Remote job
Senior Software Engineer, Data Platform
Job details
About this role
Role overview A senior engineering role on a Data Platform team that owns the full data stack from ingestion through transformation, governance, and delivery to BI tools. The position focuses on building and operating the distributed services and compute infrastructure behind the platform, with an emphasis on evolving the architecture toward AI-first data consumption.

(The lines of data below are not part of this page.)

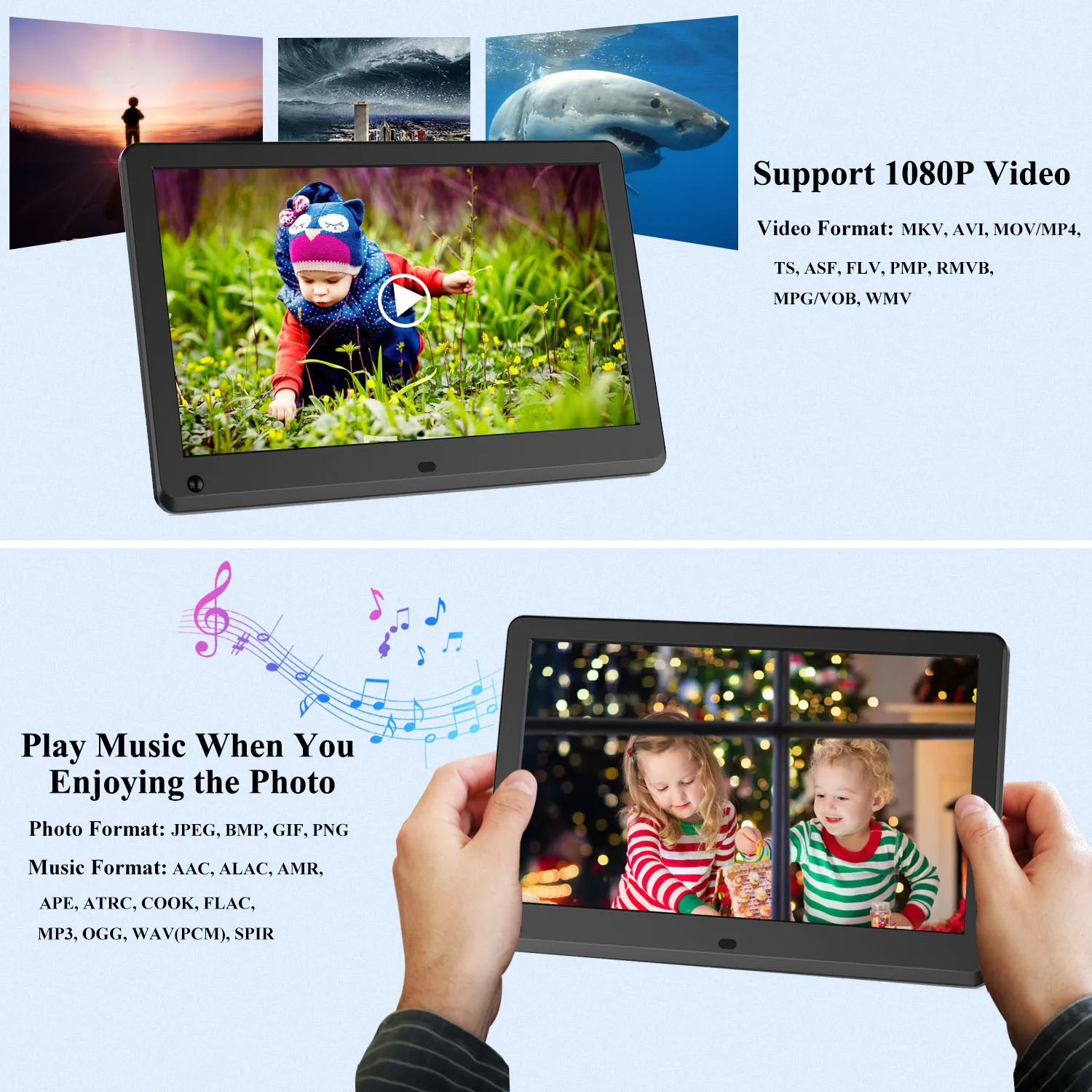 Особенности: 12-дюймовая цифровая фоторамка с высоким разрешением 1920*1080 ЖК-дисплей дисплей. Отображение ваших любимых фотографий в автоматическом режиме слайд-шоу. Богатые и яркие цвета показывают ваши фотографии с замечательным качеством изображения. Воспроизведение видео и музыки со встроенными динамиками и выходным разъемом для наушников. Часы, календарь, будильник и настройка времени. Встроенный Стереодинамик, чтобы наслаждаться любимой музыкой. Без требуемой установки и программного обеспечения для установки. С двумя usb-соединениями: один для чтения флэш-диска U; Один для подключения к компьютеру. Вы даже можете взять sd-карту с камеры и воспроизводить фотографии напрямую без дополнительной обработки. В комплект входит подставка для поддержки настольных компьютеров. Компактный ИК-пульт дистанционного управления для удобного доступа к элементам управления воспроизведением. Может использоваться как MP3/MP4/Электронная книга/Календарь или часы. Это станет отличным центром для любого дома, офиса или бизнеса. Параметры: Материал: Пластик Размер экрана: 12 дюймов Цвет: черный, белый Вилка: ЕС, США, Великобритания Разрешение: 1920*1080 ЖК-дисплей Метод управления: чешский, немецкий, английский, испанский, французский, итальянский, венгерский, Голландский, Португальский, упрощенный китайский Совместимость с: защищенная цифровая карта памяти (SD), мультимедийная карта (MMC), карта памяти (MS) Считывает карту памяти: макс. до 32 г Формат изображения: JPEG,BMP,GIF,PNG Формат музыки: MP3,WMA,OGG,FLAC,APE,AAC,AC3,ATRA,DTS Формат видео: MKV,AVI,MOV,MP4,TS,ASF,FLV,PMP,RMVB,MPG,VOB,WMV Вход адаптера: AC 110 ~ 240 В Адаптер Выход: 5V 2000mA Источник питания: адаптер переменного тока 110 ~ 240 В Аккумулятор контроллера: 1 * CR2032 Посылка список: 1 * цифровая фоторамка 1 * подставка для рамки 1 * пульт дистанционного управления 1 * Адаптер питания переменного тока 1 * Руководство пользователя (на английском языке)
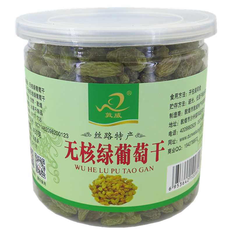 Dunhuang Specialty Dunwei Green Fragrant Concubine Seedless Green Raisin Dried Fruit 450g Canned Travel Snacks
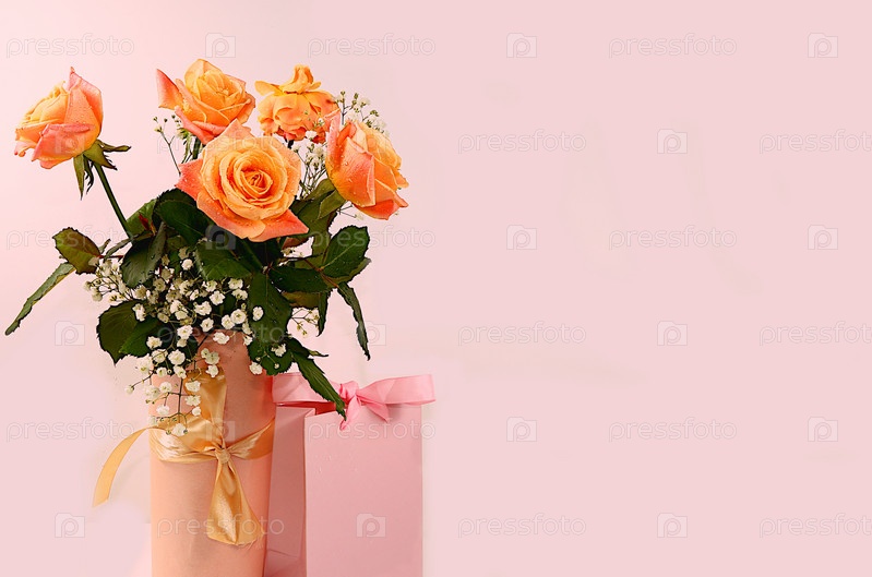 Цветочная композиция с чайными розами и подарочной коробкой. Концепция Дня святого Валентина или Женского дня, Дня матери, баннера, поздравления любимому человеку с праздником, днем рождения, минимальный современный дизайн, избирательный фокус
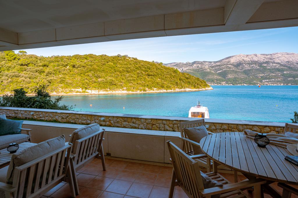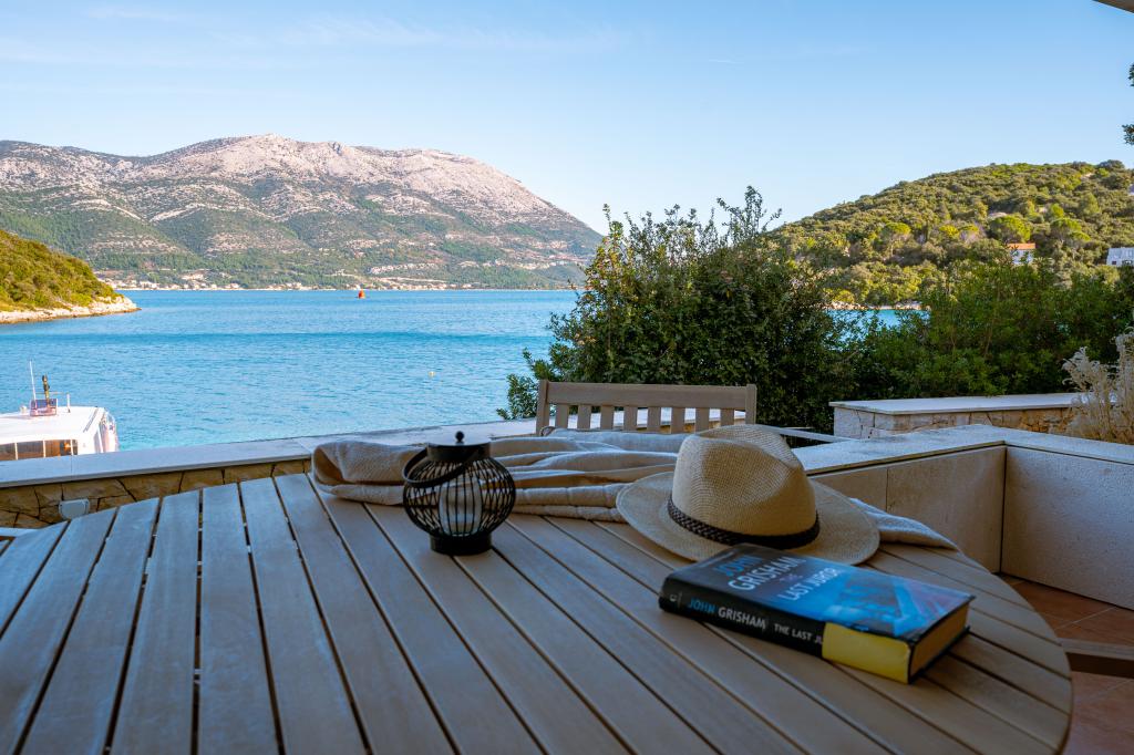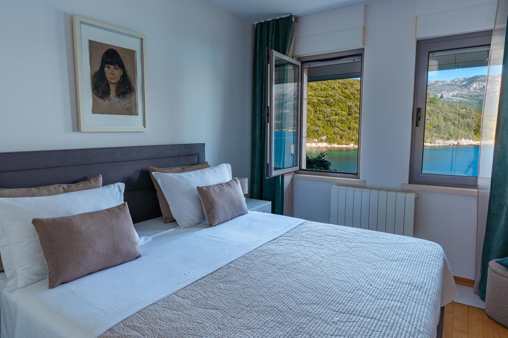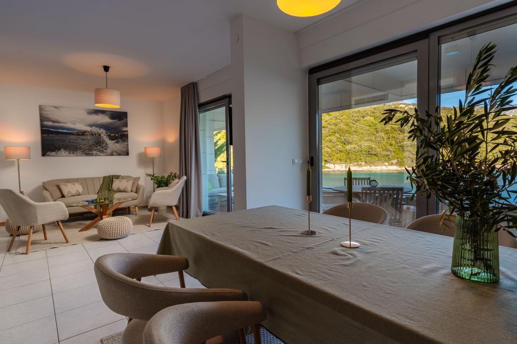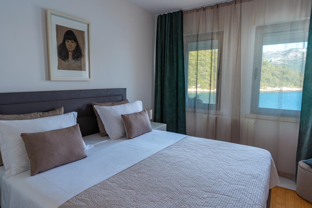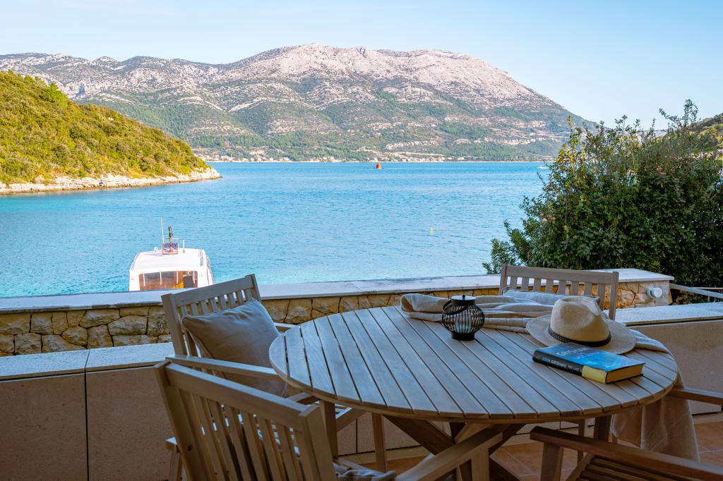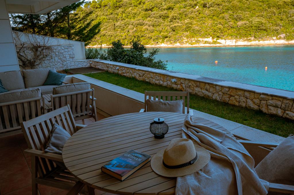 Villa Avantgarde - apartament bezpośrednio nad morzem dla 4 osób - bardzo cicha zatoka - wyspa Korčula - Chorwacja Jest dziełem znanego chorwackiego i światowej sławy architekta. Położony jest w spokojnej zatoce, ok. 4 km od centrum miasta. W willi mają Państwo do dyspozycji komfortowe mieszkanie o powierzchni ok. 100 m2, na który składają się 2 sypialnie, łazienka oraz salon z dobrze wyposażoną kuchnią, jadalnią i salonem, z którego jest wyjście na przestronny taras z bezpośrednim wyjściem na prywatną plażę. Plaża znajduje się 9 m od apartamentu. W Willi jest tylko jedno mieszkanie do wynajęcia. Jest otoczony zadbanymi trawnikami, zielenią, śpiewem ptaków i morzem. Do dyspozycji gości jest zamknięty prywatny parking. Sypialnia, pokój dzienny, jadalnia i taras wychodzą bezpośrednio na morze. Można z niego korzystać przez cały rok, gdyż wyposażony jest w centralne ogrzewanie.

It is a high-ownership software engineering role in the data domain rather than an analytics-modeling position.
Responsibilities
- Design, build, and operate distributed services and compute infrastructure, including containerized workloads on AWS ECS, autoscaling, resource sizing, and the orchestration layer that coordinates them. - Own end-to-end design and development of scalable data pipelines and data-moving services, covering ingestion, orchestration, transformation, and delivery. - Improve how event-sourced data flows from production systems into the data infrastructure and back out to downstream services and tools. - Participate in on-call rotations, owning production issues in distributed data systems from detection through resolution. - Apply secure data handling practices, including PII classification and masking, role-based access controls, least-privilege patterns, encryption, key management, lineage, and audit trails that support SOC 2 and regulatory obligations. - Shape the technical direction of the platform as it evolves toward AI-consumption, designing pipelines and infrastructure for unstructured data access, model workloads, and AI tooling integration. - Build interfaces used by data engineers, analysts, and AI systems, including the paths that move curated data from the warehouse back into production services. - Mentor engineers and analysts, raising the technical bar for testing, code review, and operational readiness across the data stack.
Requirements
- 5+ years of experience building and operating production software systems, with substantial time spent on data pipelines, streaming platforms, or data infrastructure. - Demonstrated ability to design distributed systems, with clear reasoning about concurrency, backpressure, idempotency, partial failure, and associated tradeoffs. - Hands-on experience running containerized workloads in production on AWS, including scaling, resource sizing, and performance and cost tuning under load. - Track record of independently owning complex production systems, supported by automated testing, code review, CI/CD, and infrastructure as code (e.g., Terraform). - Experience with workflow orchestration at scale, such as Airflow or equivalent tools. - Strong motivation to use AI tools and workflow automation as the primary way work gets done.
Nice to have
- Hands-on experience with event-sourced or append-only log systems, change data capture, or streaming platforms like Kafka or Kinesis. - Working knowledge of cloud data warehouse technologies such as Snowflake or equivalent, including concepts like virtual warehouses, scaling, and cost control.
Benefits and work setup
- Remote-first work arrangement. - Comprehensive health, dental, and vision coverage. - Equity participation. - Retirement plan support. - Enhanced mental health support for employees and dependents. - Fertility healthcare and family-forming benefits. - Student loan planning and repayment resources. - Monthly work-from-home stipend and quarterly lifestyle stipend. - Engaging virtual and in-person team-building experiences and offsites.